Presentation Overview: Show

Variable Number Tandem Repeats (VNTRs) account for a significant amount of human genetic variation. VNTRs have been implicated in both Mendelian and Complex disorders, but are largely ignored by whole genome analysis pipelines due to the complexity of genotyping and the computational expense. We describe adVNTR-NN, a method that uses shallow neural networks for fast read recruitment. On 55X whole genome data, adVNTR-NN genotyped each VNTR in less than 18 cpu-seconds, while maintaining 100% accuracy on 76% of VNTRs.

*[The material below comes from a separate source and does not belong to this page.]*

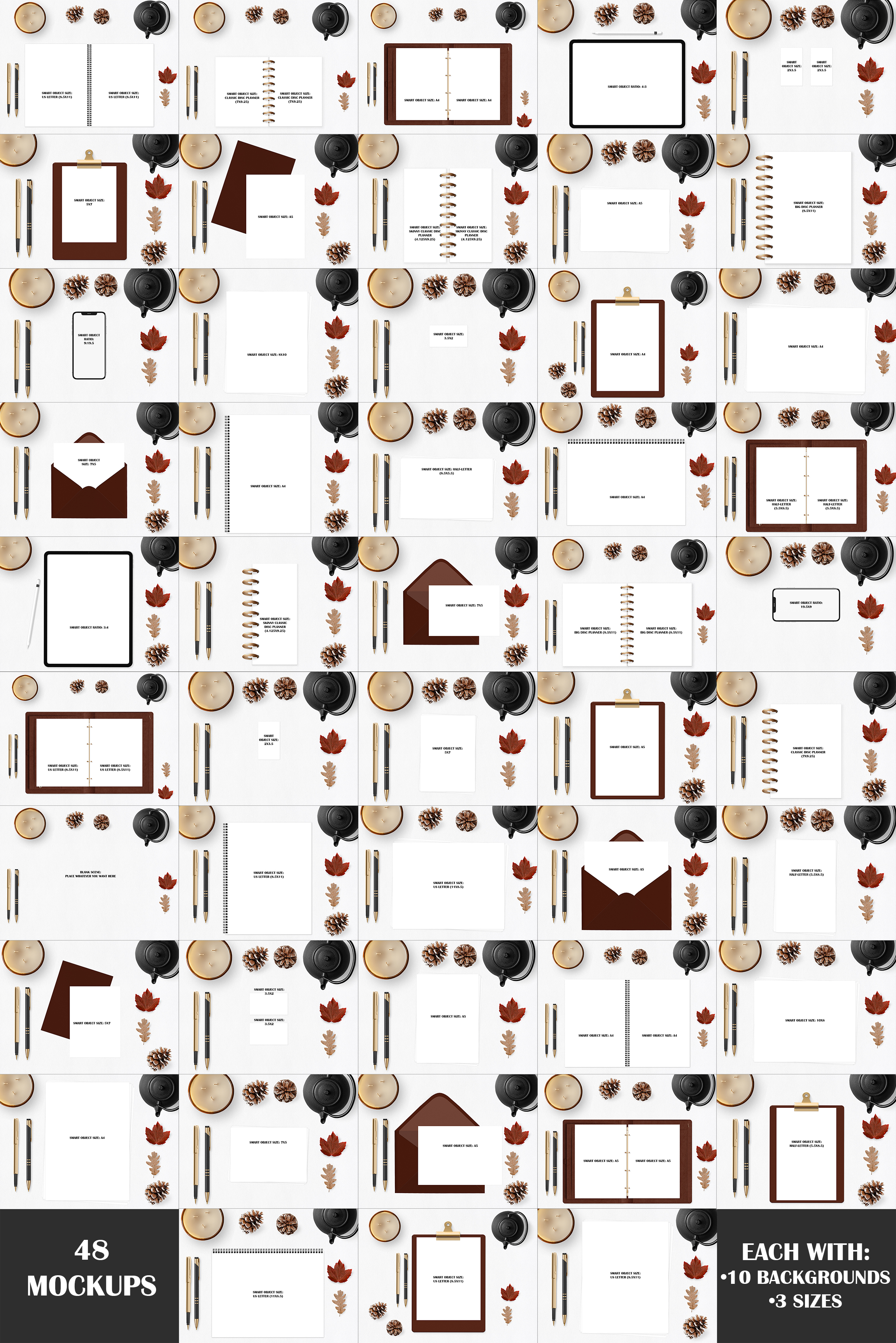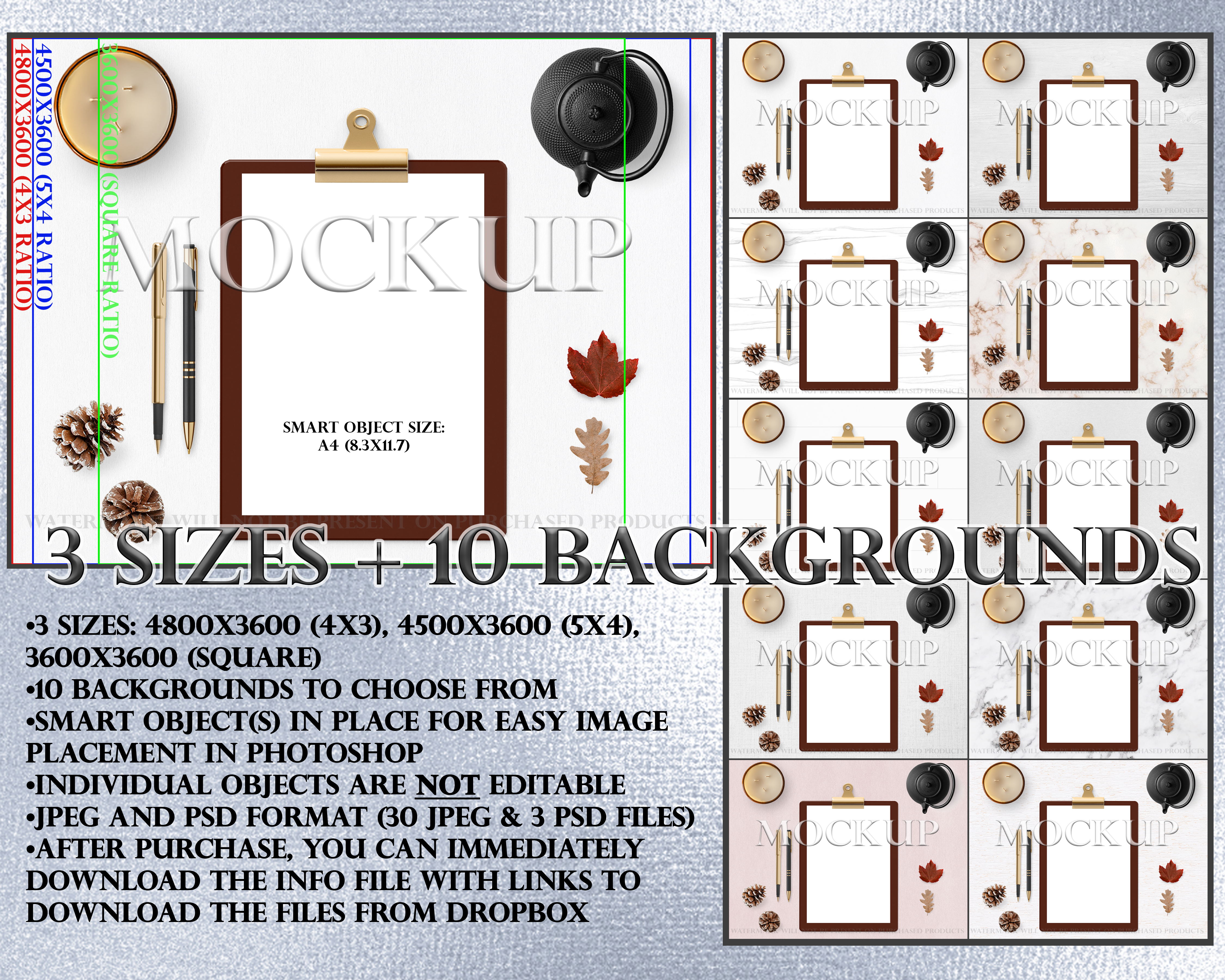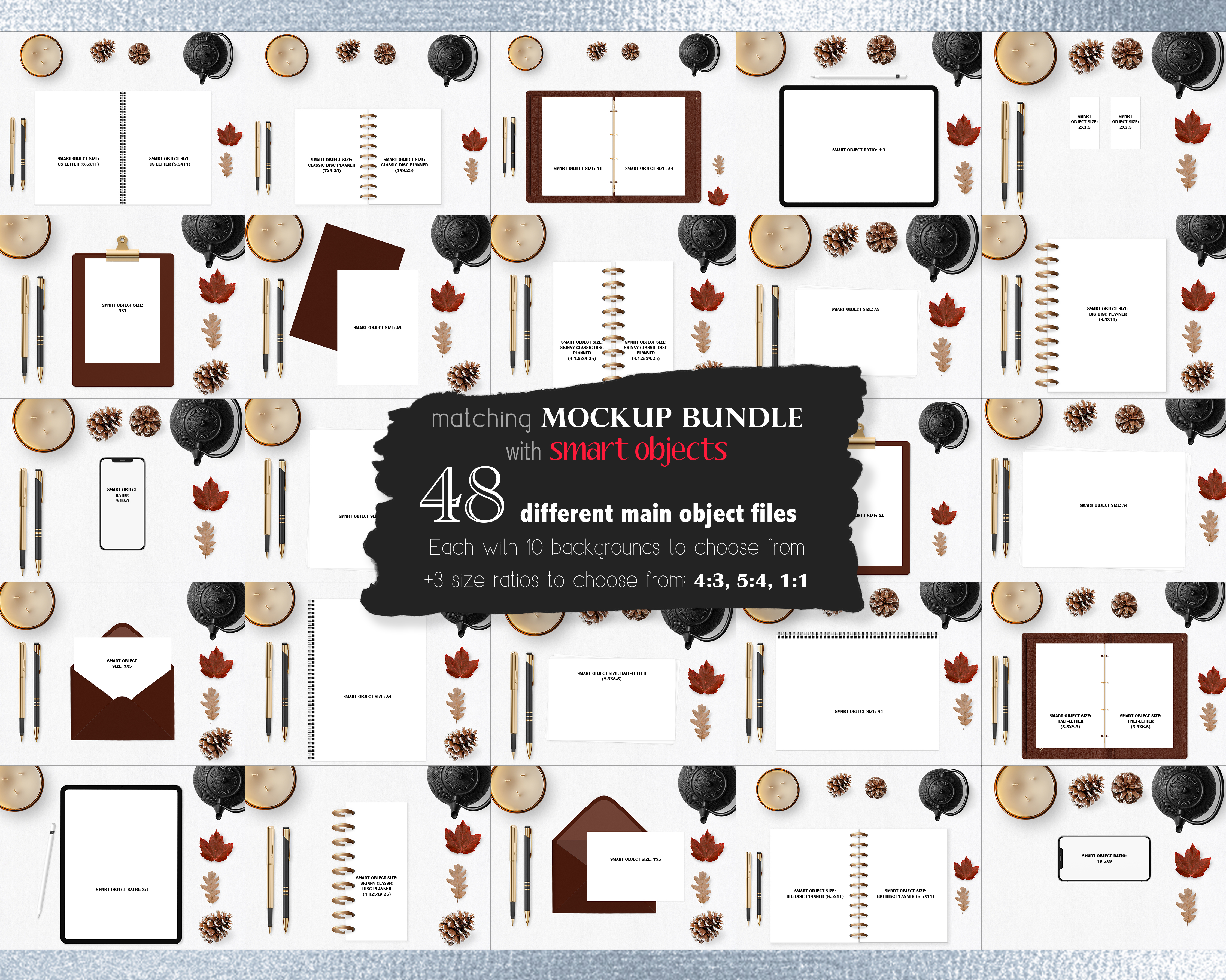 The 48 mockups included all feature the same theme of items to make them match and look cohesive for your different products. Below you’ll find a list of the 48 different mockup main objects in this mockup bundle– all of which feature smart objects to make your image placement easy if you’re using Photoshop. They all come in JPG format as well. There’s 10 backgrounds to select from (as seen in the pictures) for each mockup. There’s also three different size ratios to choose from: 4:3, 5:4, 1:1 to accommodate different websites.

We used adVNTR-NN to genotype 10,264 VNTRs in 652 individuals from the GTEx project and associated VNTR length with gene expression in 46 tissues. We identified 163 `eVNTRs' that were significantly associated with gene expression. Of the 22 eVNTRs in blood where independent data was available, 21 (95%) were replicated in terms of significance and direction of association. 49% of the eVNTRs showed a strong and likely causal impact on the expression of genes and 80% had an effect size at least 0.1. The impacted genes have important role in complex phenotypes including Alzheimer's, obesity and familial cancers. Our results point to the importance of studying VNTRs for understanding the genetic basis of complex diseases.

5:40 PM-6:00 PM
Inferring identifying characteristics through pooling of information across genotypic trajectories
Format: Pre-recorded with live Q&A

  • Prashant Emani, Yale University, United States
  • Gamze Gürsoy, Yale University, United States
  • Mark Gerstein, Yale University, United States

Presentation Overview: Show

The leakage of identifying information in genetic and omics data has been established in several studies, and represents a new frontier in the struggle for individual privacy protections. Specifically, it has been shown that single nucleotide polymorphisms (SNPs) carry a strong risk of reidentification for individuals and close relatives. The risk is substantial given that SNPs can be inferred not only from direct genotyping data but also from omics measurements and genotype-phenotype relationships. Accordingly, we present a computational tool to assess the risk of publicly releasing genotype/omics data, by quantifying the informativeness of even a sparse set of common SNPs from an individual. We employ a Hidden Markov Model of recombination and mutation to reveal SNP representation within a reference genotype database, and to pool information across the identified genotypic trajectories. We find that even ~10 common (minor allele frequency > 0.05) SNPs are sufficient to identify individuals in databases, and determine genotypic “mosaics” of reference individuals with as little as 20 common SNPs. We are also able to identify first-order (parents and siblings) relatives of query individuals with 20-30 common SNPs. The tool could be used to determine the value of selectively masking released SNPs.